I didn’t want to take this test. I didn’t want to drive. Every experience behind the wheel was an exercise in abject fear. I was going to do something wrong. There were so many rules to remember. Everyone else was going so fast. Highway driving was the closest I had ever come to ascending straight to heaven based on sheer will.
I failed my first driver’s exam. On the second try I passed and was sure I had put one over on the instructor. Since then I have been in a few fender benders and a serious accident or two. Somehow I drive without anxiety. It is an ordinary miracle. Most of the time I am merely irritated as I navigate Devon Ave with its triple-parked trucks and taxis weaving erratically around them. Moving to Chicago was phobia therapy for my driving. I threw myself straight from the frying pan into the fire and somehow it cured me.
Now I drive like all the other assholes out there. I’m not sure whose victory that is.


Salon.com
Comments
My best friend was as phobic as you at that age. I already had my license, and offered to 'help' her practice. In the 1970's 15-year-olds with permits were allowed to drive with licensed passengers -- even if said passenger was only 16 and had been licensed for only a day and a half.
During the 'practice session' we were heading south on Sheridan Rd where it intersects with Devon Ave, when for some reason we suddenly decided to go east toward the lake. I looked around and told my buddy that it was okay to turn left from the right-hand lane (totally illegal). Unfortunately the car to our left didn't turn and we hit it.
After the accident, my friend refused to get behind the wheel of a car until she graduated from college and landed a job as a manufacturer's rep, stocking feminine hygeine products on the shelves of convenience stores throughout south Boston.
Then, in the mid-1980's she and I embarked on an incredible month-long driving trip that followed the old Route 66. And to her credit, she never brought up the incident at Sheridan and Devon...
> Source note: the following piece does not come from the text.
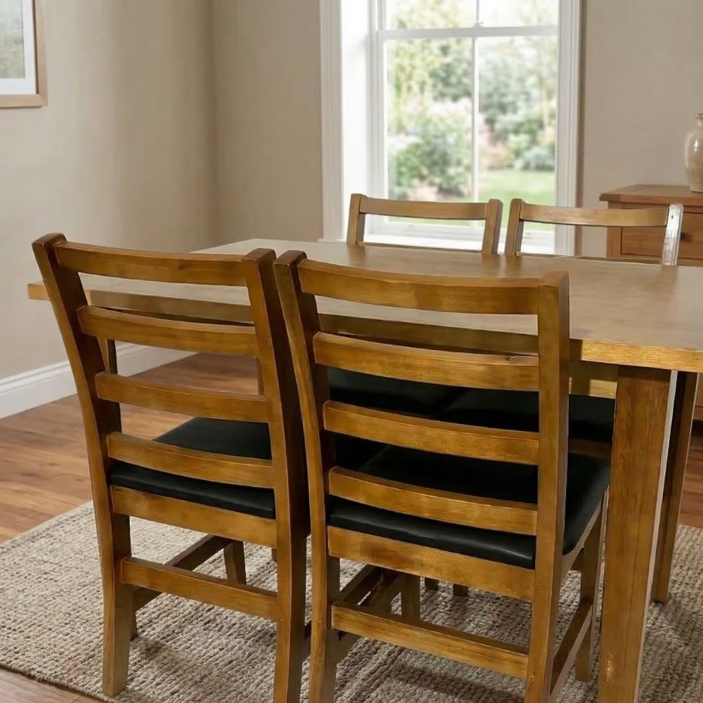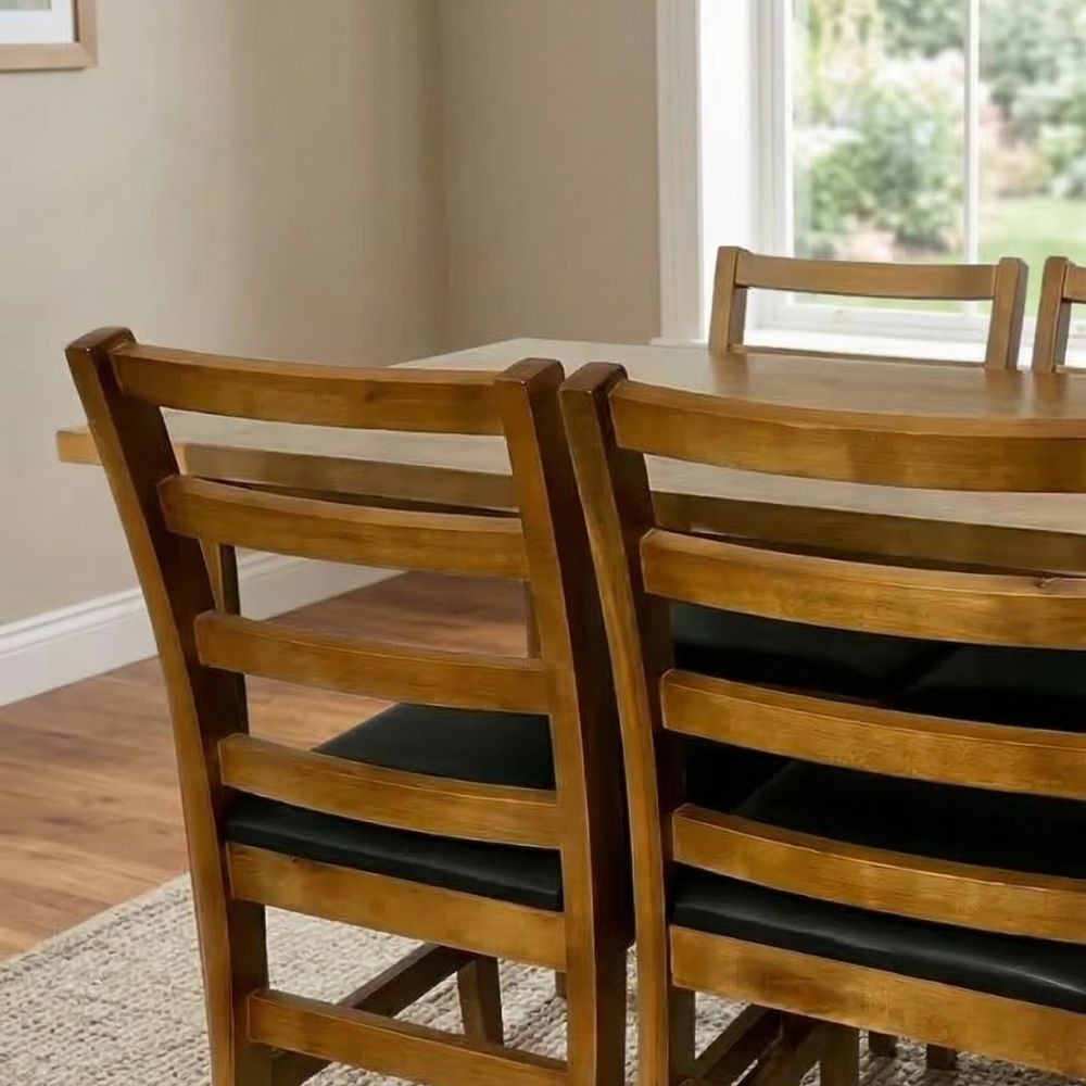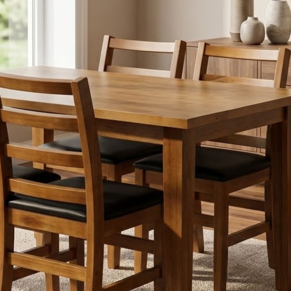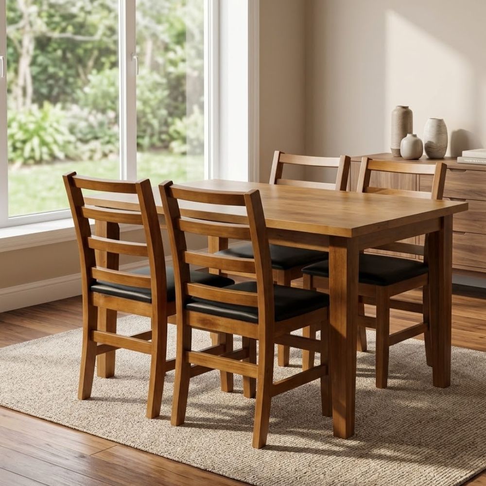 Desenvolvido para o uso frequente, o conjunto combina estrutura sólida, materiais resistentes e praticidade no uso. A mesa oferece estabilidade durante as refeições, enquanto as cadeiras estofadas garantem conforto e facilidade de manutenção. O acabamento em verniz reforça a proteção da madeira e contribui para a conservação das peças ao longo do tempo.

Loved reading your post -- as you can see it brought back a lot of memories! Rated!
Anyway- thank you all for commenting.
Nelly- I know that Sheridan and Devon intersection well! Too funny- when you mentioned telling your friend to turn left I just cringed. Glad you came out of that one ok.
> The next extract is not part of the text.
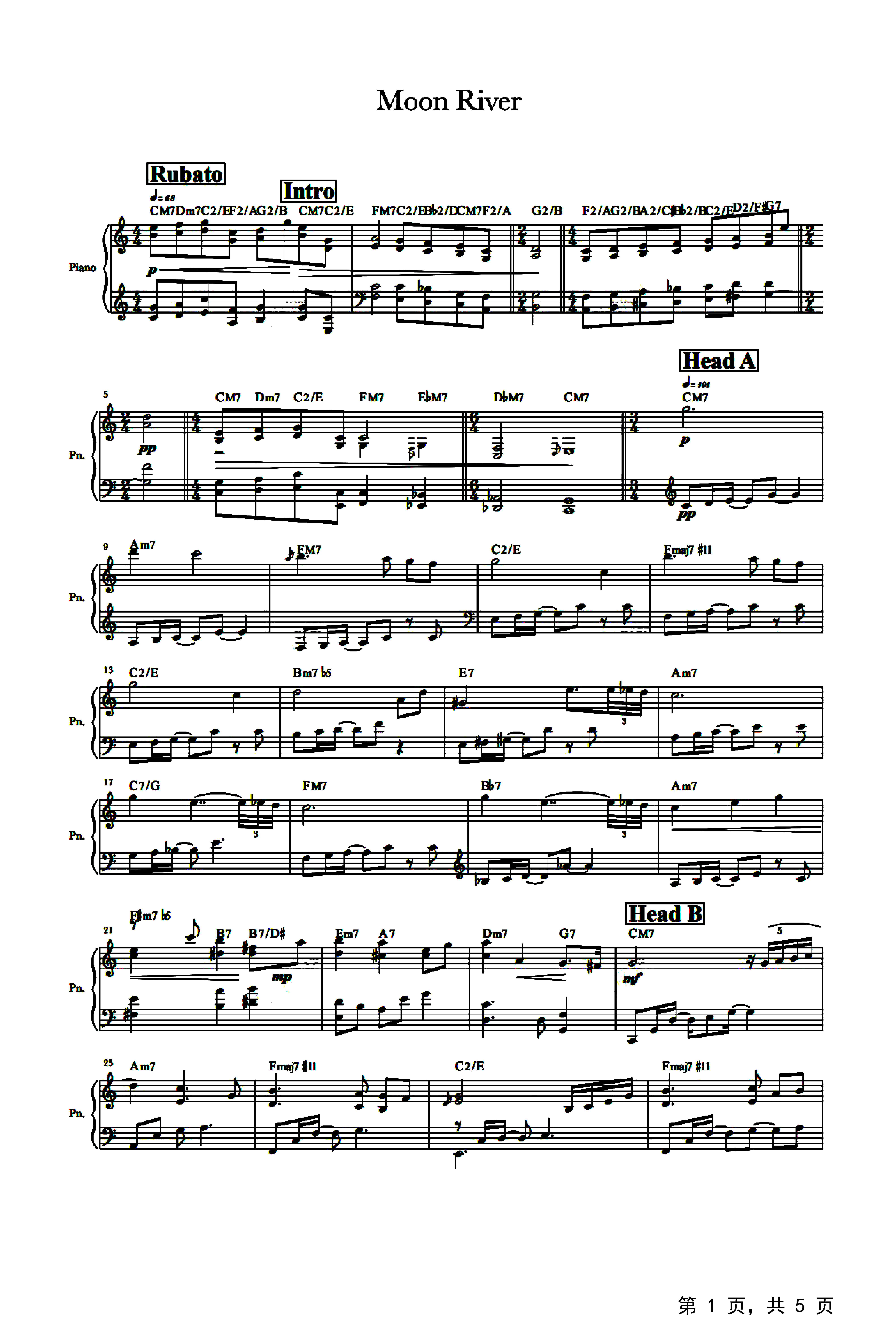 作品分类:流行钢琴五线谱

So.. I definitely get the driving-averse thing. =o)
But funny story. Sometimes, we have to do something extreme to cope with fears.
On Long Island most high schools don't offer driver's ed anymore. In New York State the restrictions on teenage drivers have gotten stricter.
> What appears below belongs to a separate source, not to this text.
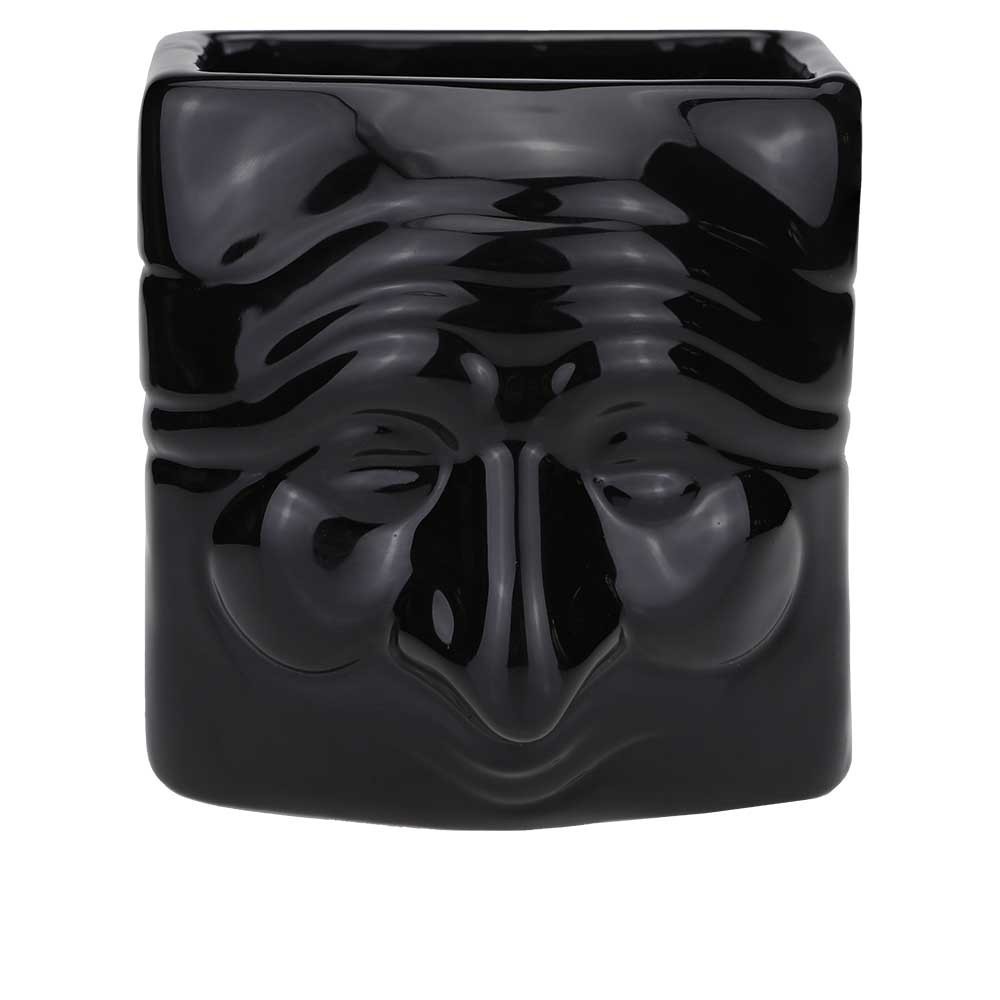 Il Portapenne Pulcinella Nero in terracotta disegnato da Macrì viene modellato e smaltato a secondo fuoco. Rappresenta la tradizionale maschera di Pulcinella, interpretata in chiave design.

Except for local driving, I never drive without anxiety. I attribute my fears to only learning to drive at age 36; from 18 to 36, I lived in Manhattan. I suspect Manhattan is the only place in the US you don't have to be ashamed of admitting you don't have a driver's license.
On a personal level, I wish you would have stuck to your teenage pledge and forgone driving altogether. It's one thing to be a bad cook. The odds are good you will never actually kill or maim anyone with your meatloaf. But for some reason people think nothing of jumping into a car that they acknowledge they can barely control, then blithely meander through the streets with their two-ton killing machine. Almost nobody who actually harms someone in a traffic related accident acknowledges that they should never have been driving in the first place.
Good writing. Bad driving. Could I interest you in a bicycle, perhaps?
(BTW, my mother is 71 and has never driven in her life. Maybe there's something genetic there.)
Way to go on confronting your fear and rising above it beautifully.